Кирилл не соглашался, просвещая бабушку, рассказывал о вселенной, о строении атома, о происхождении видов.

— Ты-то золотой мой внучок, — смеялась бабушка в ответ на теорию Дарвина, — точно от обезьянки произошёл, — такой непочётник, бабушку не уважашь ни на полстолечко!

И норовила сграбастать внука, прижать к себе ещё сильными руками. Кирилл вырывался... Итоги безрезультатного спора злили, одно утешенье — что с тёмной бабушки возьмёшь? Всего три класса церковно-приходской школы. И хоть знала наизусть бессчетное количество стихов из детства, да разве этим образование заменишь?

Сложнее получалось со вторым оппонентом, коим выступала Касиния Петровна. Сначала мать водила Кирилла к Касинии Петровне за руку, потом лет до двенадцати он бегал туда по своей воле. У Касинии Петровны в комнате стоял, упираясь в потолок, огромный, бездонный шкаф с книгами. Они теснились на полках в четыре ряда. Кирилл зарывался в это богатство и часами мог просиживать на полу, перелистывая выуженные из чрева шкафа тома.

Касиния Петровна — небольшенькая, грузная, крепкой кости, по причине болезни ног ходила этаким маятником, на каждом шаге бросало, то вправо, то влево. В очках глаза её казались жутковато большими. Всегда на голове аккуратно повязанный платочек. Голос чистый. С ней Кирилл тоже вёл взрослые разговоры на мировоззренческую тематику. Собственно, разговорами это трудно назвать. В отличие от диспутов с бабушкой Авдотьей, здесь инициатором выступала Касиния Петровна. Могла задать вопрос, а потом сама отвечала.

От неё Кирилл с удивлением узнал, — тогда только-только ворвалась в жизнь эра космонавтики с первыми спутниками и людьми на околоземной орбите, — оказывается, Константин Эдуардович Циолковский вовсе не при советской власти написал свои основные труды по космонавтике.

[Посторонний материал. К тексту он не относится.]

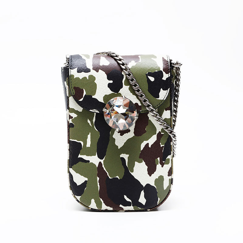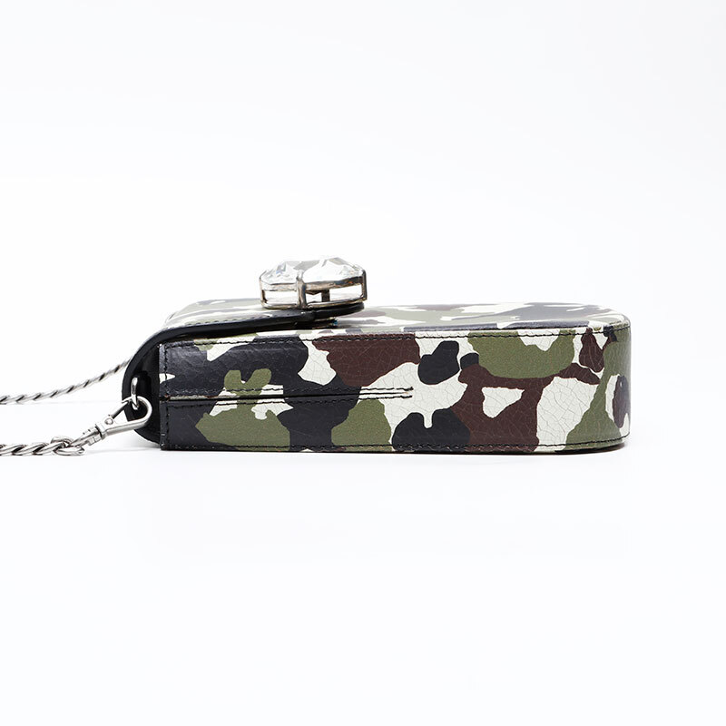 極美品 Miu Miu 迷彩 クリスタル ポシェット フォンケース ショルダーバッグ グリーン
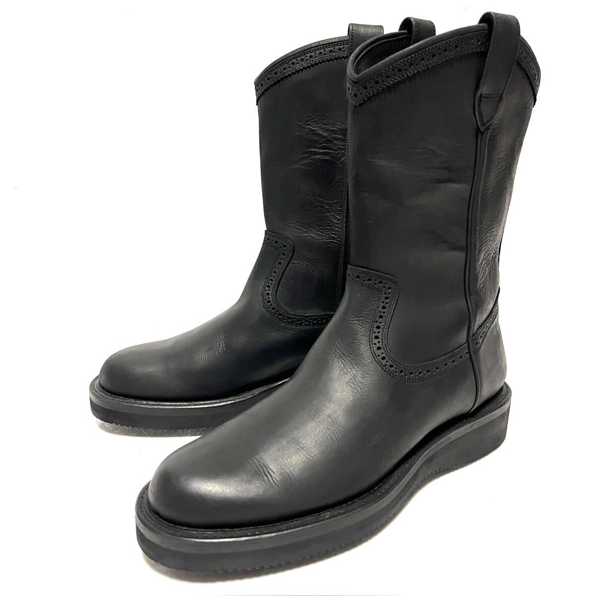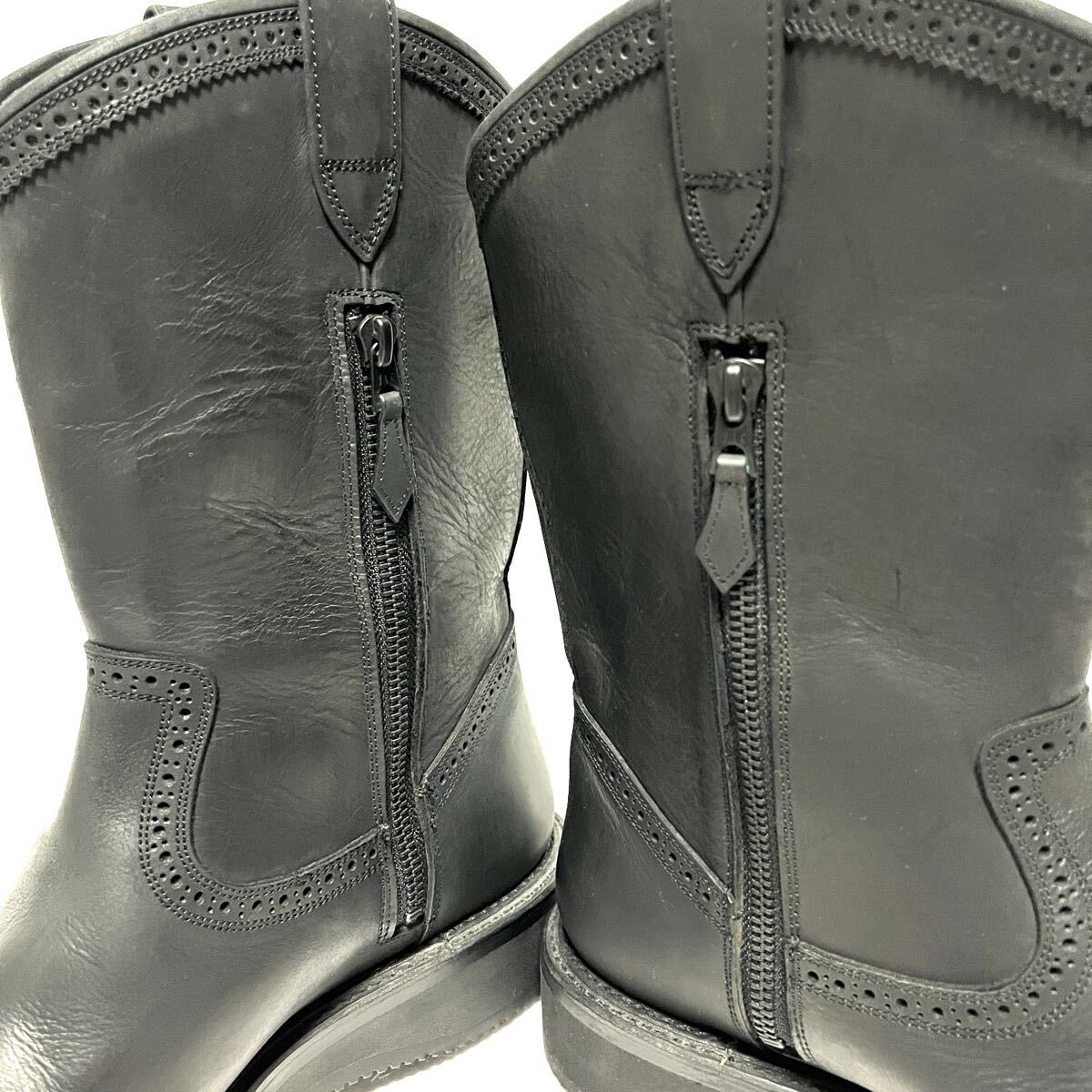 ★極美品★FOOT THE COACHER フットザコーチャー★ウエスタンブーツ★8(26.5cm)★黒 ブラック★サイドジップ ジッパー付き★ペコス★メンズ レザーシューズ 革靴★
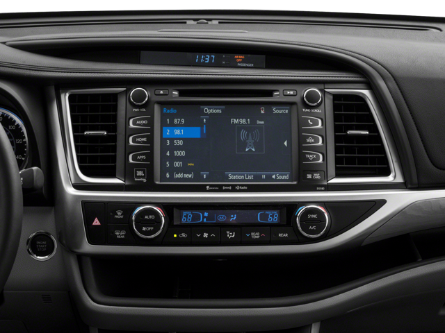 Midnight Black Metallic 2018 Toyota Highlander Limited Platinum FWD 8-Speed Automatic Electronic with ECT-i 3.5L V6 12 Speakers, 3.003 Axle Ratio, 3rd row seats: split-bench, 4-Wheel Disc Brakes, ABS brakes, Air Conditioning, Alloy wheels, AM/FM radio: SiriusXM, Auto High-beam Headlights, Auto-dimming Rear-View mirror, Automatic temperature control, Brake assist, Bumpers: body-color, CD player, Delay-off headlights, Driver door bin, Driver vanity mirror, Dual front impact airbags, Dual front side impact airbags, Electronic Stability Control, Emergency communication system: Safety Connect, Exterior Parking Camera Rear, Four wheel independent suspension, Front anti-roll bar, Front Bucket Seats, Front Center Armrest, Front dual zone A/C, Front fog lights, Front reading lights, Fully automatic headlights, Garage door transmitter, Heated door mirrors, Heated front seats, Heated rear seats, Heated steering wheel, Heated/Ventilated Front Bucket Seats, Illuminated entry, Knee airbag, Leather Shift Knob, Low tire pressure warning, Memory seat, Navigation System, Occupant sensing airbag, Outside temperature display, Overhead airbag, Overhead console, Panic alarm, Panoramic Moonroof, Panoramic View Monitor, Passenger door bin, Passenger vanity mirror, Perforated Leather Seat Trim, Power door mirrors, Power driver seat, Power Liftgate, Power moonroof, Power passenger seat, Power steering, Power windows, Radio: Entune Premium JBL Audio w/Nav & App Suite, Rain sensing wipers, Rear air conditioning, Rear anti-roll bar, Rear reading lights, Rear window defroster, Rear window wiper, Reclining 3rd row seat, Remote keyless entry, Roof rack: rails only, Safety Connect, Security system, Speed control, Speed-sensing steering, Split folding rear seat, Spoiler, Steering wheel mounted audio controls, Tachometer, Telescoping steering wheel, Tilt steering wheel, Traction control, Trip computer, Turn signal indicator mirrors, Variably intermittent wipers, Ventilated front seats, Wheels: 19 5-Spoke Dark-Chromtec Alloy.
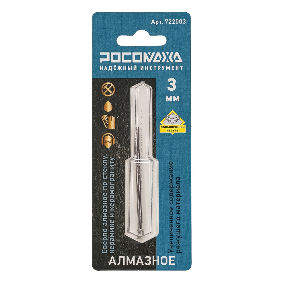 Сверло алмазное по стеклу, керамике и керамограниту 3 мм "РОСОМАХА"
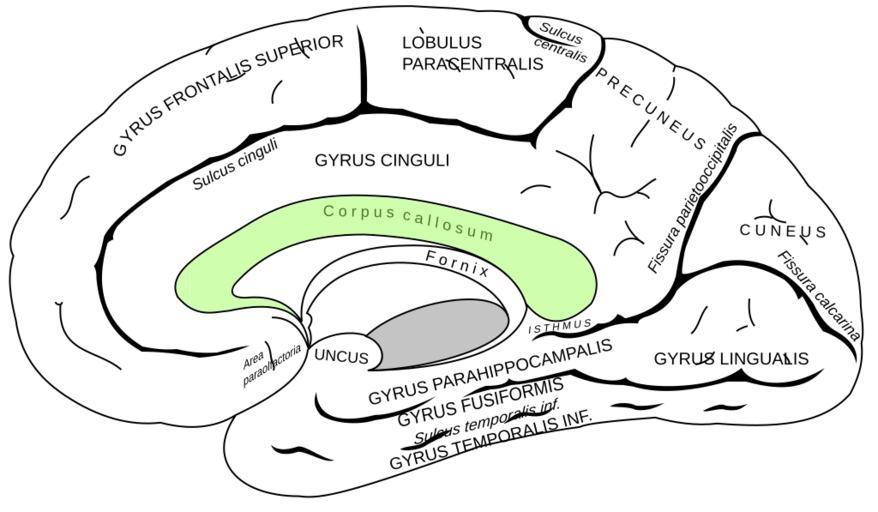 Keywords: CorpusCallosum.svg Corpus callosum on the medial surface of the right cerebral hemisphere Gray727_latin svg 2011-03-03 21 35 UTC Gray727_latin svg Gray727 svg Mysid derivative work Boskoop <span class signature-talk >talk</span> derivative work Boskoop <span class signature-talk >talk</span> Corpus callosum marked green Boskoop Gray727_latin svg PD-Gray's Anatomy plate Original upload log This image is a derivative work of the following images File Gray727_latin svg licensed with PD-Gray's Anatomy plate 2011-03-03T21 25 23Z Boskoop 1025x598 23174 Bytes <nowiki>Added 1 caption</nowiki> 2011-03-03T21 03 15Z Boskoop 1025x598 22549 Bytes <nowiki>Ooops-no frontal pole</nowiki> 2011-03-03T20 51 34Z Boskoop 1025x598 20328 Bytes <nowiki> Medial surface of left cerebral hemisphere Figure 727 from Gray's Anatomy Figure 727 from Gray's Anatomy Flipped horizontally modern textbooks usually show the frontal pole on the left side Ca</nowiki> Uploaded with derivativeFX SVG files on human brain sagittal section Gyri SVG files on cerebrum Sulcus neuroanatomy Corpus callosum SVG Gray's Anatomy plates |

Революция вовсе не при чём.

Кирилл-то считал: до советской власти царило мракобесие и угнетение свободной мысли.

Он и к этой бабушке внутренне относился свысока. Ну, что она, древняя может понимать в прогрессе? Но возражать было трудно, она доказывала с книжкой в руках. И тянуло слушать её крамолу. Касиния Петровна говорила то, что не звучало в школе, по радио, говорила, как это ни злило самолюбивого Кирилла, убедительно. Не читала нравоучительных лекций, а, получается — скупыми порциями питала его пытливый ум новыми знаниями.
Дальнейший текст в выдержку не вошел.